### What you are asked to do
All that should be output is the block of lines below from the line with "2 jantes aluminium" to the line with "Double Vessel Sinks", both included, exactly as written.

### Dataset records
>>>>

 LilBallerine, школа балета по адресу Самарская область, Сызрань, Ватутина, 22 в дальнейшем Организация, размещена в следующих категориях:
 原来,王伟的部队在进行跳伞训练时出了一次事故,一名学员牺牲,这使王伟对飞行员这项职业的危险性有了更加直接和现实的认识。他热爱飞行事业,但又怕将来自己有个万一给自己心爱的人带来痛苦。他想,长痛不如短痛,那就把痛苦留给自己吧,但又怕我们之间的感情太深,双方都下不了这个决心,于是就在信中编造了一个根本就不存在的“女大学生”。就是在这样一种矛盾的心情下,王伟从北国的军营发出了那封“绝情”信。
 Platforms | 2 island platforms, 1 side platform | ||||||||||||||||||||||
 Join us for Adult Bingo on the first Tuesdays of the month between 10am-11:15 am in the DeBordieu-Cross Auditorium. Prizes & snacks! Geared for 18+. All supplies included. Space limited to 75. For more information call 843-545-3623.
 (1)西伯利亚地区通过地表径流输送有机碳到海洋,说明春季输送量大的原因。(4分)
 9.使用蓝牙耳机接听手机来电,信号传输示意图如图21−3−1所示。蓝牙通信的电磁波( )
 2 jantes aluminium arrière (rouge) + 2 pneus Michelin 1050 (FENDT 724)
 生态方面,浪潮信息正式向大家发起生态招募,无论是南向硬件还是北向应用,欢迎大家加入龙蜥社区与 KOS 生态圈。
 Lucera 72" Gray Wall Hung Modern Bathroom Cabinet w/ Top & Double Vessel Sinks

<<<<
>>>>

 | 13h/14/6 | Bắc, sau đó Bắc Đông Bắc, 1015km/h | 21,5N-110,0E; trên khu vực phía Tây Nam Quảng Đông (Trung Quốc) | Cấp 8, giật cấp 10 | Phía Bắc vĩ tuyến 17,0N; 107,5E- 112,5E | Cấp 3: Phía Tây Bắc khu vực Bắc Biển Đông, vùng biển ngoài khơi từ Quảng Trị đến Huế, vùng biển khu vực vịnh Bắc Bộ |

<<<<

### Written response
 2 jantes aluminium arrière (rouge) + 2 pneus Michelin 1050 (FENDT 724)
 生态方面,浪潮信息正式向大家发起生态招募,无论是南向硬件还是北向应用,欢迎大家加入龙蜥社区与 KOS 生态圈。
 Lucera 72" Gray Wall Hung Modern Bathroom Cabinet w/ Top & Double Vessel Sinks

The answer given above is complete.